Termos em que se nos afigura dever o recurso improceder nesta parte

3 - Sobre a alegada impossibilidade de realização do cúmulo jurídico de penas suspensas na sua execução, com pena de prisão efectiva.

Não parece que assista razão ao recorrente.

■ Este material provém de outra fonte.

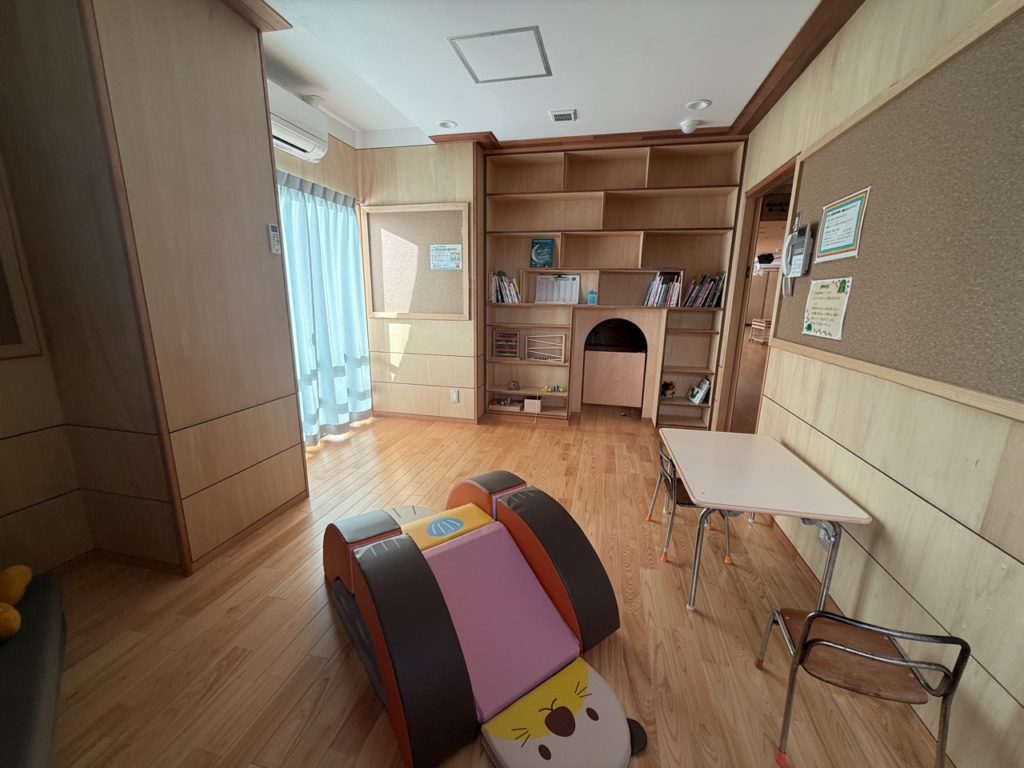 子育て支援室として、地域の方々がご利用いただけるスペースです。ゆんたくルームという名前の通り、担当の先生とのゆんたくも楽しめる空間になることを願っています。園に遊びに来られた際には、このお部屋だけでなく、ホールや保育室を覗いたり、絵本を見たり、園庭で遊ぶことも可能です。

Primo: - Em caso de conhecimento superveniente do concurso, as penas de execução suspensa entram no cúmulo jurídico como penas de prisão, só no final se decidindo se a pena conjunta deve ou não ficar suspensa na sua execução – Acs do STJ de 14.01.2009 (proc. nº 08P3975), 5ª s); de 16.11.2011 (proc. nº 150/08.5JBLSB.L1.S1), 3ª S), de 21.03.2013 (proc. nº 143/10.0PBVCT.S1); de 25/09/2013 (proc. nº 1751/05.9JAPRT.S1) e de 12.06. 2014 (proc. nº 300/08.1GBSLV.S2).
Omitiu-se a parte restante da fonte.